Цван глядел, как жена укладывает свои припасы в кошелку.
— Уж не хочешь ли ты нести туда все это добро?
Минга посмотрела на него с состраданием. Как будто в первый раз она собирается на рынок!
— Ты забыла, что теперь у нас деньги!
Сегодня Цван чувствовал себя важной персоной и думал, что на рынке он будет выбирать и распоряжаться: «Это отложите для меня… Это я беру: раз хорошая вещь, на цену я не гляжу…»
Он еще не знал, что купит, но в первый раз в жизни чувствовал лихорадочное нетерпение ребенка, которого обещали повести в магазин игрушек и там предоставить ему полную свободу выбора.
Маленькая была готова. На ней было немного вылинявшее красное платьице, которое Минга с грехом пополам выкроила из старого, изношенного платья покойной Розы. Башмаков у нее не было: к чему ей башмаки, раз она еще не ходит?
Ее закутали в шаль — и в путь.
Они шли по илистой дамбе; впереди — Цван с девочкой на плечах, позади — Минга с двумя кошелками.

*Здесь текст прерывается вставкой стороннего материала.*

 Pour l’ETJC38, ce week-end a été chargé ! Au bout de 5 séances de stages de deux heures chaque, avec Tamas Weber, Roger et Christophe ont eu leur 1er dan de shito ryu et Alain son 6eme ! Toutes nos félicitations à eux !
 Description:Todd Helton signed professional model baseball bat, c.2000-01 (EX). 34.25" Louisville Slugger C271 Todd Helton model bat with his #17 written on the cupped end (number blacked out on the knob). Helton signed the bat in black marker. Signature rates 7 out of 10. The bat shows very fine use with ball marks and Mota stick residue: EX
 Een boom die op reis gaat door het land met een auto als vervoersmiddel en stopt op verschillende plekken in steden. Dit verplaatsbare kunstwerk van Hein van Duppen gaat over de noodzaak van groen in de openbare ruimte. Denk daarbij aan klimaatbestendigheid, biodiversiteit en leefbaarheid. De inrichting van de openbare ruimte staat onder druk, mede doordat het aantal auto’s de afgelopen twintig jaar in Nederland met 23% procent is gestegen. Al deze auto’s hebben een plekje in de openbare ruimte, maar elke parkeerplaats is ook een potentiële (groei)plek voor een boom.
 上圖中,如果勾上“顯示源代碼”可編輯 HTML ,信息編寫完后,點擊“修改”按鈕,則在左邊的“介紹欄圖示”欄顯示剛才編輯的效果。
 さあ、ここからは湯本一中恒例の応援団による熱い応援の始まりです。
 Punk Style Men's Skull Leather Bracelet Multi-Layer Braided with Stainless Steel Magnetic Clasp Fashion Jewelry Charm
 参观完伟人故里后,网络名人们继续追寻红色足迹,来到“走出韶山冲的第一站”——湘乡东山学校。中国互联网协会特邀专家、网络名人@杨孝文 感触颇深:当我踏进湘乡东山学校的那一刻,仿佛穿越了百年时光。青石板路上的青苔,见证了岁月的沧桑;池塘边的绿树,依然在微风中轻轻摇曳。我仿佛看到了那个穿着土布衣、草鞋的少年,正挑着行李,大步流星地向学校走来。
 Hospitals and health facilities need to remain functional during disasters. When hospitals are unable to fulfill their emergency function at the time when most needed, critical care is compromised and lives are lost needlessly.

По дороге к рынку из сумки выскочил один петушок. Старики попытались его поймать, поспорили, повздыхали, но потом решили, что петушок сам вернется домой, и двинулись дальше, чтобы не терять времени. Шли они до селения почти два часа.
Базар еще не начинался.
— Сходим, что ли, на почту. Посмотрим, нет ли письма от Берто?
Но почта была закрыта.
— Зайдем к доктору показать ему девочку?
Служанка открыла дверь и спросила, что им нужно.
— Да вы знаете, сколько сейчас времени? Когда же вы вышли из дому?
Нет, они не знали, потому что у них не было часов. — Впрочем, сегодня мы могли бы купить их, — сказал Цван.
— А зачем? Кто по ним понимает? — шепнула ему Минга.
В ожидании доктора они расположились на кухне.
Сперанца глядела на блестящую медную посуду, развешенную на стенах, и гукала: — Ух! Ух!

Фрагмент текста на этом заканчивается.